Loath to visit the mall, Mr Makiya – who is a partner at incubator Honeybee Tech Ventures and co-founder of the Zawya business portal that he sold to Thomson Reuters in 2012 – went online and attempted to buy a digital gift card for his friend.
He failed. "I couldn't find anywhere online that allowed me to buy a gift card for shops at the mall," he tells The National.
This failure struck him as perverse, he says, while nursing a strong coffee in a café in Dubai Media City, where his office is located.
Gift cards are tokens or vouchers worth a certain amount of money that are redeemable at specified retailers. They take the pain out of choosing a gift for someone because recipients receive the means to choose a gift themselves, from a retailer’s entire stock.
It is estimated the gift card industry will double in size to be worth $698 billion globally by 2024, according to Persistence Market Research. Growth is expected to come from digital channels, as more and more people favour shopping online than battling crowds at malls and shopping centres. In the US, the digital gift card industry is growing at around 200 per cent annually, compared to 26 per cent a few years ago, says Persistence.
Believing the concept to be a no-brainer, Mr Makiya set about building an “online mall” for gift cards for a host of retail brands – specifically, digital gift cards delivered by email or SMS.
“We wanted to stay away from the physical world because we understood that managing logistics, inventory and shipping was a challenge for e-commerce players – there are a lot of costs, a lot of layers. This particular product lent itself very well to being digitalised."
Within weeks, Mr Makiya and the firm's co-founder, business partner Abed Bibi – who co-founded the branding consultancy Wolff Olins in the UAE and India before it was sold to Omnicom Media Group – had named their venture Yougotagift.com, after being inspired by the classic Meg Ryan and Tom Hanks film You Got Mail. "We wanted the brand to be simple and straightforward, does what it says on the tin," Mr Makiya says.
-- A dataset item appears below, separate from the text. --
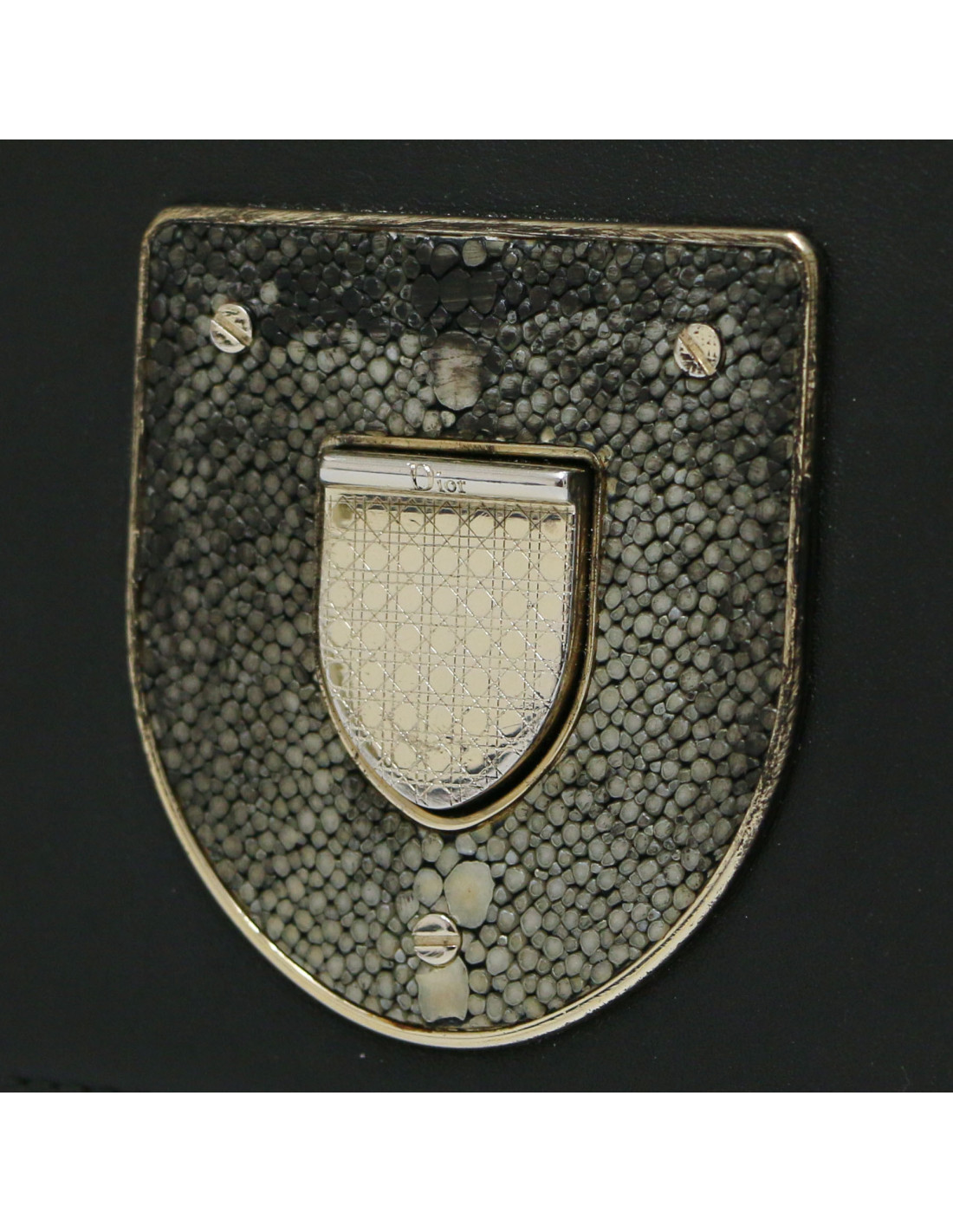 Détails : fermeture aimantée, empiècement en galuchat , peau de raie à l'avant du sac. Bandoulière en métal et cuir.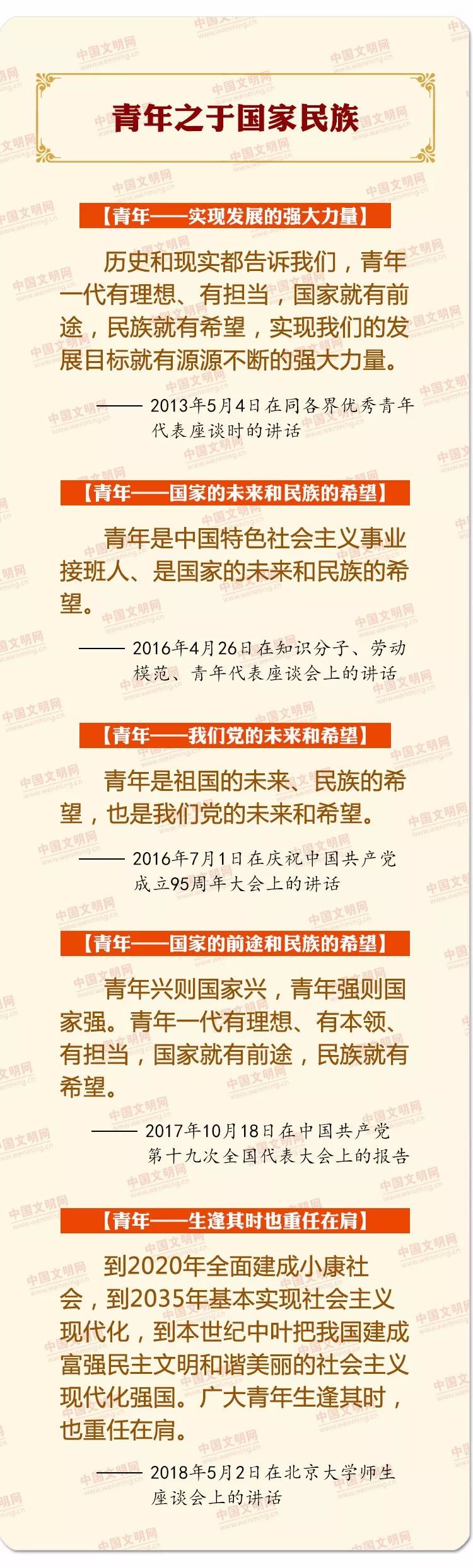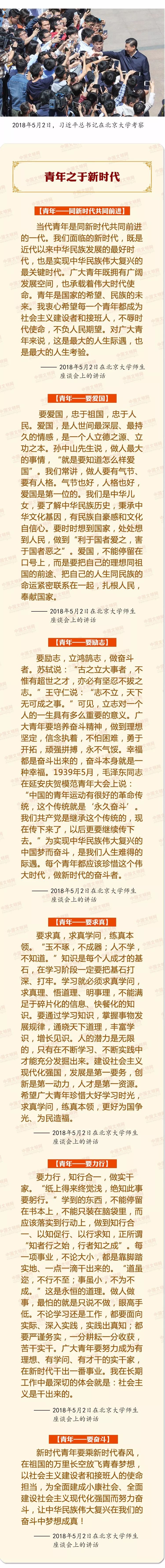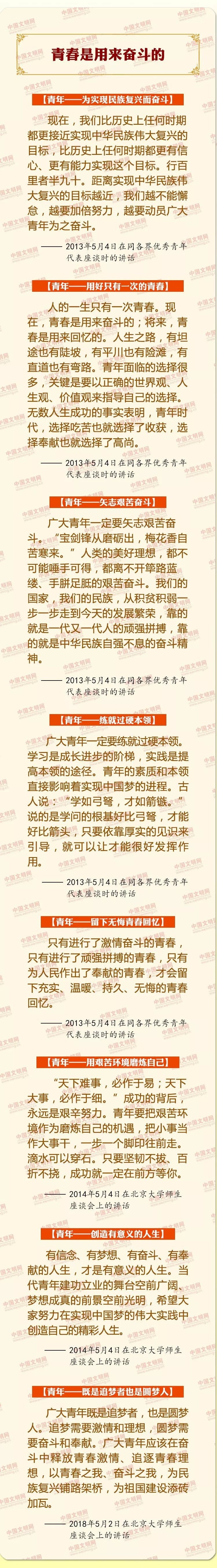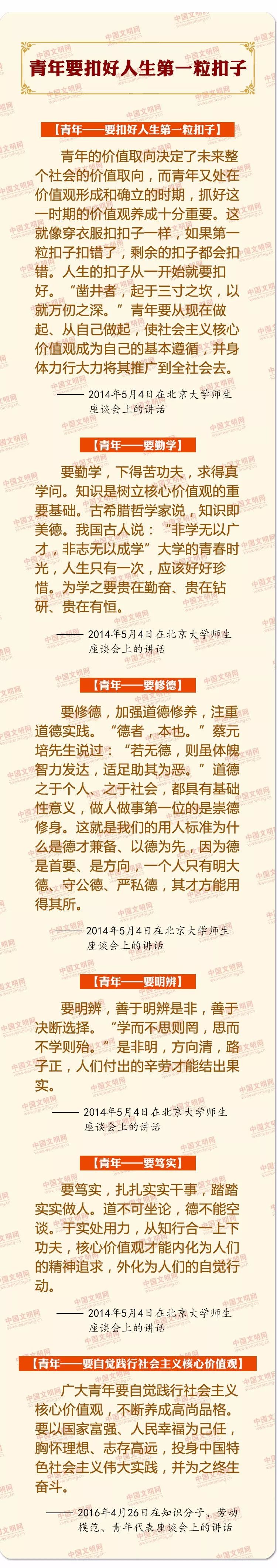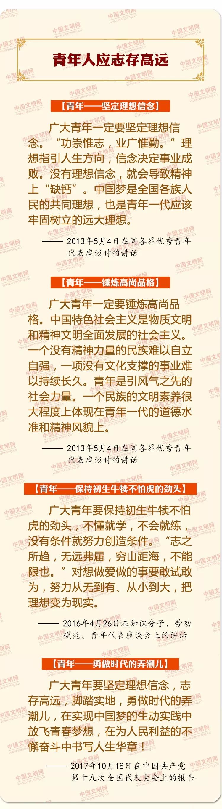 中国梦是历史的、现实的,也是未来的。中华民族伟大复兴的中国梦终将在一代代青年的接力奋斗中变为现实。习近平总书记曾在多个重要场合对青年有过殷切寄语、谆谆教诲。在五四青年节来临之际,中国文明网精选摘编部分重要论述,与广大网友一起学习、共同进步。

Yougotagift.com was incubated within Honeybee, which had the staffing, technology and marketing resources to hatch a new start-up, as well as access to funding. At the time, Honeybee had launched ventures including the restaurant listings site Roundmenu.com, and Laimoon, which matches people to jobs, courses and events.
The duo raised $1 million in an initial funding round comprising the founders and two private investors they decline to name. “These were individuals with very strategic roles within the industry,” says Mr Makiya. “We chose people we thought could influence this project down the road.”
The business model hinged on sourcing and aggregating a catalogue of client firms – “anybody with gift cards to sell”, the founders say – then digitising their offers and packaging them in an appealing way. “We started to understand the whole gifting psychology, how to make the experience memorable and fun,” Mr Makiya says. “We added personalised features, e-greeting cards to accompany the voucher, videos – anything to make it nice and well received.”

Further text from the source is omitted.